Optimization is possible only if the body of the loop does not belong to the loop variable. In this case, if the lower bound of the loop is zero, then the compiler will change the loop.
If the loop variable never refers to the loop body, then the compiler is justified in the implementation of the loop, but like it. All that needs to be done is to execute the body of the cycle as many times as specified by the boundaries of the cycle. In fact, the compiler would be perfectly justified in optimizing the scrolling of the loop variable.
Consider this program:
{$APPTYPE CONSOLE} procedure Test1; var i: Integer; begin for i := 0 to 11 do Writeln(0); end; procedure Test2; var i: Integer; begin for i := 0 to 11 do Writeln(i); end; begin Test1; Test2; end.
The body of Test1 compiled into this code by XE7, a 32-bit Windows compiler, with release options:
Project1.dpr.9: for i: = 0 to 11 do
00405249 BB0C000000 mov ebx, $ 0000000c
Project1.dpr.10: Writeln (0);
0040524E A114784000 mov eax, [$ 00407814]
00405253 33D2 xor edx, edx
00405255 E8FAE4FFFF call @ Write0Long
0040525A E8D5E7FFFF call @WriteLn
0040525F E800DBFFFF call @_IOTest
Project1.dpr.9: for i: = 0 to 11 do
00405264 4B dec ebx
00405265 75E7 jnz $ 0040524e
The compiler starts the loop down, which is evident from the use of dec . Note that the loop completion test is performed using jnz without the need of << 24>. This is because dec performs an implicit comparison with zero.
The documentation for dec states the following:
Flags Affected
CF flag is not affected.

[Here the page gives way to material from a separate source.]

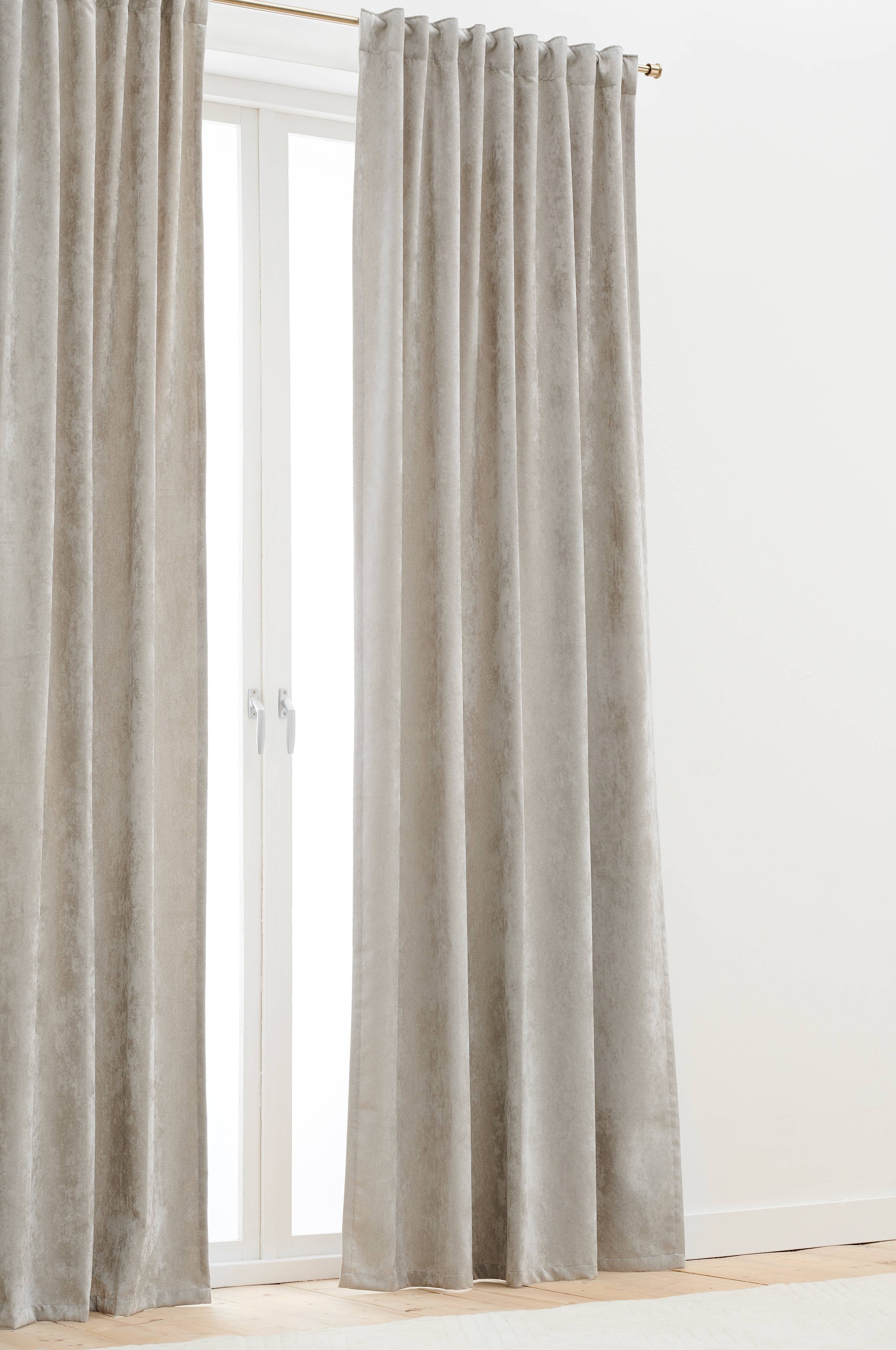 2-pak ensfarvede gardinlængder i polyesterblanding med påsyet multifunktionsbånd. Gardinet kan hænges op med fingerhægter, løbegang samt skjult strop.

The flags OF, SF, ZF, AF and PF are set according to the result.
The ZF flag is set if and only if the result of the dec command is zero. And ZF determines if jnz .
Code emitted for Test2 :
Project1.dpr.17: for i: = 0 to 11 do
0040526D 33DB xor ebx, ebx
Project1.dpr.18: Writeln (i);
0040526F A114784000 mov eax, [$ 00407814]
00405274 8BD3 mov edx, ebx
00405276 E8D9E4FFFF call @ Write0Long
0040527B E8B4E7FFFF call @WriteLn
00405280 E8DFDAFFFF call @_IOTest
00405 285 43 inc ebx
Project1.dpr.17: for i: = 0 to 11 do
00405286 83FB0C cmp ebx, $ 0c
00405289 75E4 jnz $ 0040526f
Notice that the loop variable is increasing, and now we have an additional cmp command that runs on each iteration of the loop.

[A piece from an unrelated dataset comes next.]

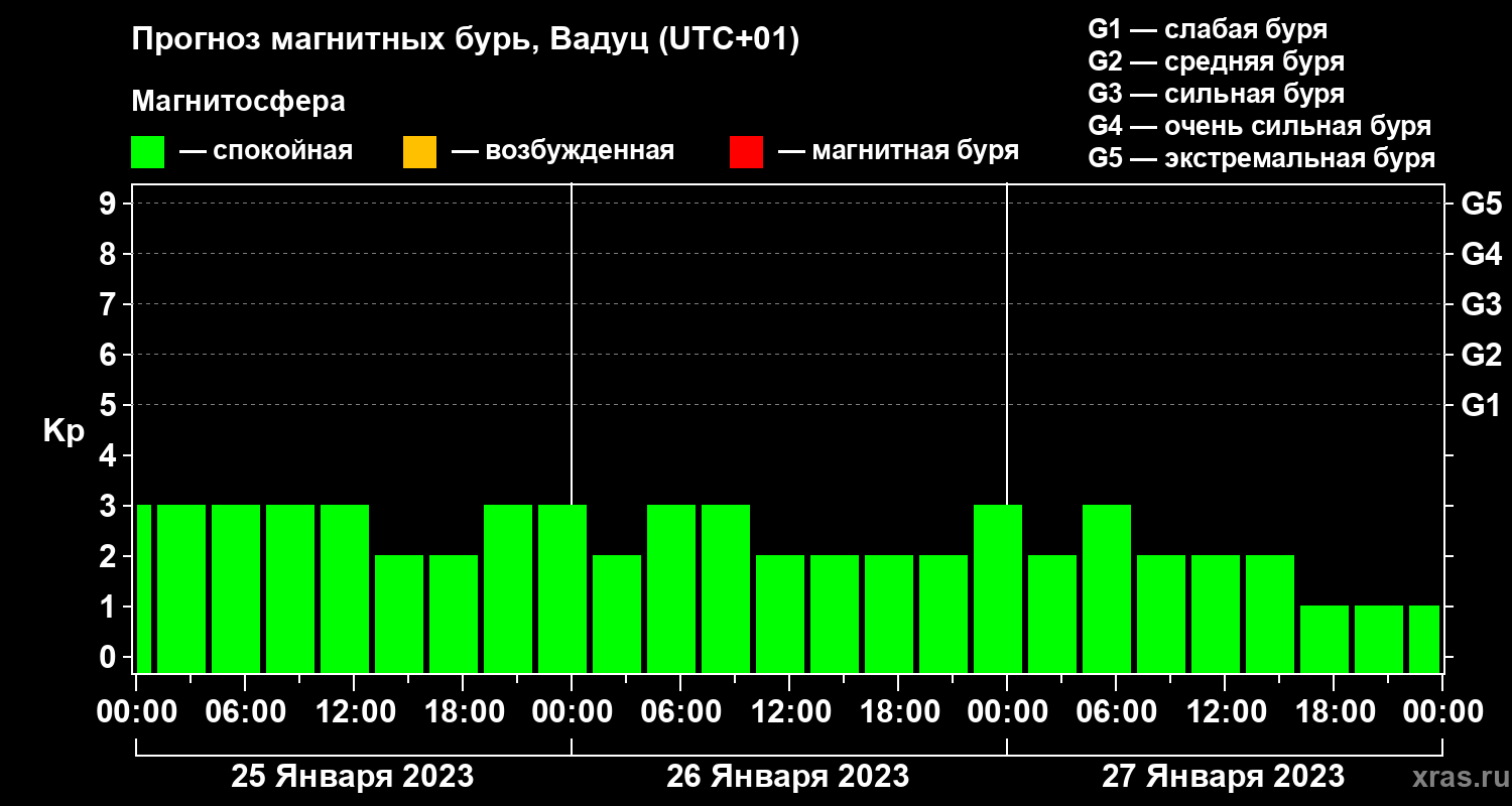 Прогноз магнитных бурь в Вадуце — 25 января 2023 года
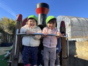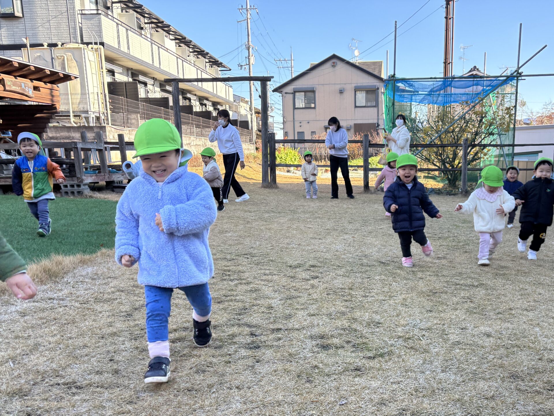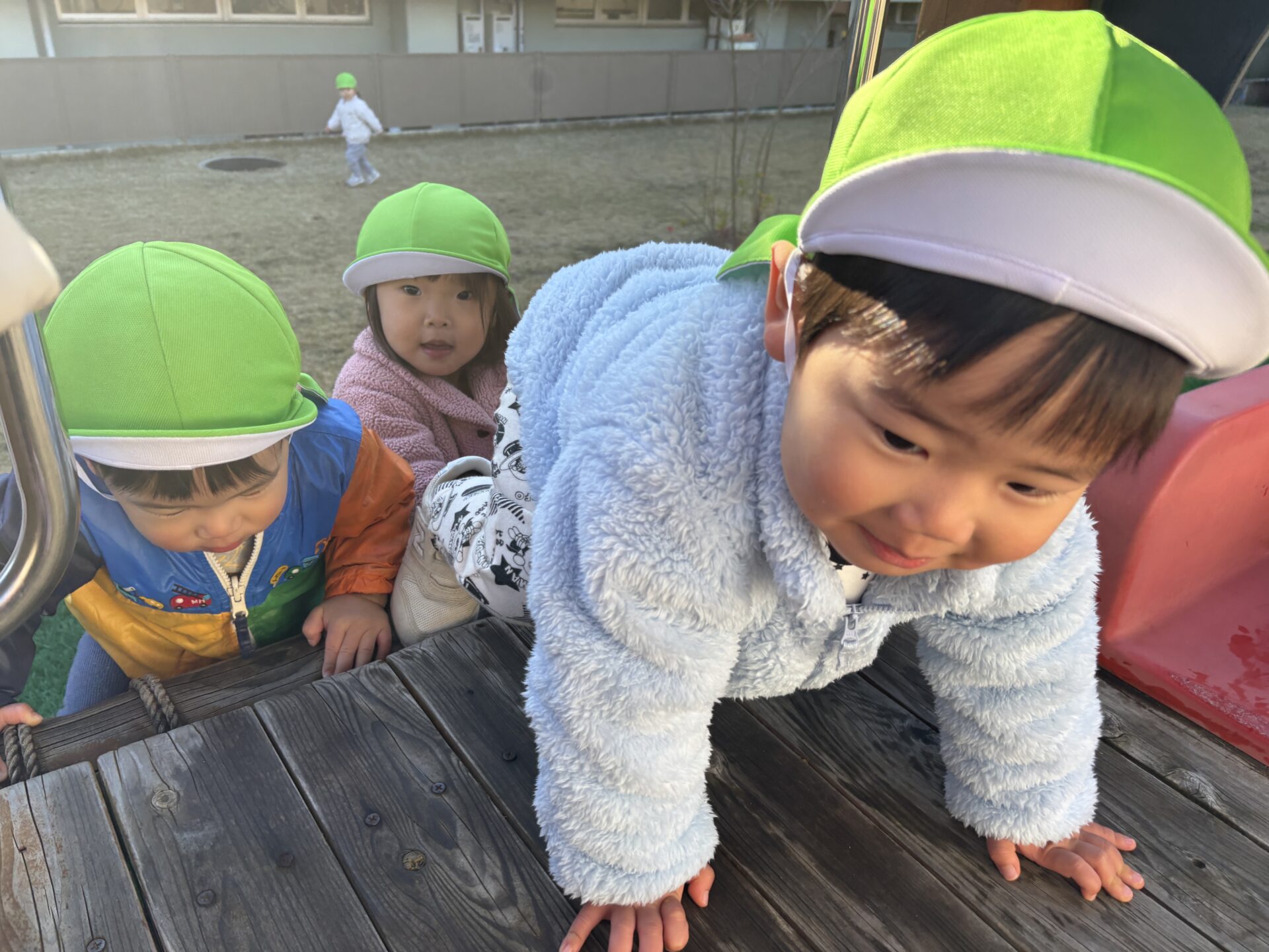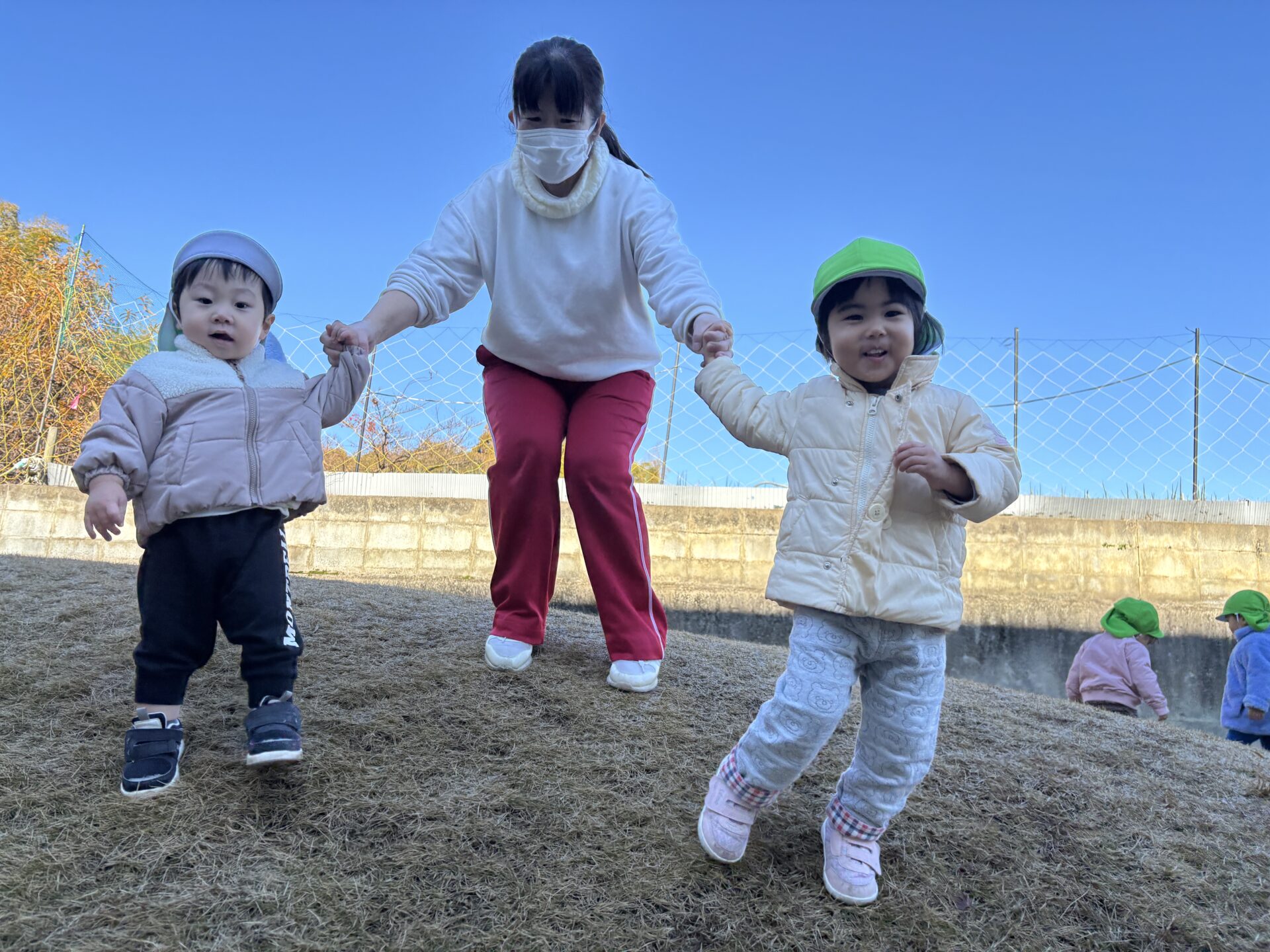 たんぽぽ2組(1歳児)のお友だちが、芝生広場で遊びました。お友だちや先生とかけっこをしたり、お山にのぼったりと、体を動かして元気いっぱいに遊んだ子どもたち☆遊具にも上手に上がれるようになり、ニコニコ笑顔をたくさん見せてくれました♪

It may be interesting to note that the 64-bit Windows compiler does not include this optimization. For Test1 it produces this:
Project1.dpr.9: for i: = 0 to 11 do
00000000004083A5 4833DB xor rbx, rbx
Project1.dpr.10: Writeln (0);
00000000004083A8 488B0D01220000 mov rcx, [rel $ 00002201]

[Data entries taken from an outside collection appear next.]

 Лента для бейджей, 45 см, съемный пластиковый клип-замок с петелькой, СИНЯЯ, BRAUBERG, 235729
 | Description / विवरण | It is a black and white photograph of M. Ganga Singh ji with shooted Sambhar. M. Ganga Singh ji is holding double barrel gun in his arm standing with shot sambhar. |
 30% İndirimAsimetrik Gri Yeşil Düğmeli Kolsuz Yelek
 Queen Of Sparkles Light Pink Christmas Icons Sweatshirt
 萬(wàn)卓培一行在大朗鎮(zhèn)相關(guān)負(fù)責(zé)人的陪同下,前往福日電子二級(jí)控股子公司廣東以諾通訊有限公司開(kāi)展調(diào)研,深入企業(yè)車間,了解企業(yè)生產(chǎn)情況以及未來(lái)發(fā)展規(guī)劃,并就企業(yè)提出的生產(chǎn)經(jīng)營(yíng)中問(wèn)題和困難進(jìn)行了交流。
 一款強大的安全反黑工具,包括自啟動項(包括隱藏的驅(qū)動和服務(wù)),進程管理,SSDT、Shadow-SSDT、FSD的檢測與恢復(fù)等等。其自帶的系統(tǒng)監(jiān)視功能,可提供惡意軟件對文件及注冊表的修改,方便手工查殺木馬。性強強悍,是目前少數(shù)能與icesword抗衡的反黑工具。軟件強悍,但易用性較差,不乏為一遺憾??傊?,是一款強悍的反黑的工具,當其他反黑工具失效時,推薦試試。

00000000004083AF 4833D2 xor rdx, rdx
00000000004083B2 E839C3FFFF call @ Write0Long
00000000004083B7 4889C1 mov rcx, rax
00000000004083BA E851C7FFFF call @WriteLn
00000000004083BF E86CB4FFFF call @_IOTest
00000000004083C4 83C301 add ebx, $ 01
Project1.dpr.9: for i: = 0 to 11 do
00000000004083C7 83FB0C cmp ebx, $ 0c
00000000004083CA 75DC jnz Test1 + $ 8
I am not sure why this optimization is not implemented in a 64-bit compiler. I suppose that optimization has a negligible effect in real cases, and the designers decided not to waste energy on its implementation for the 64-bit compiler.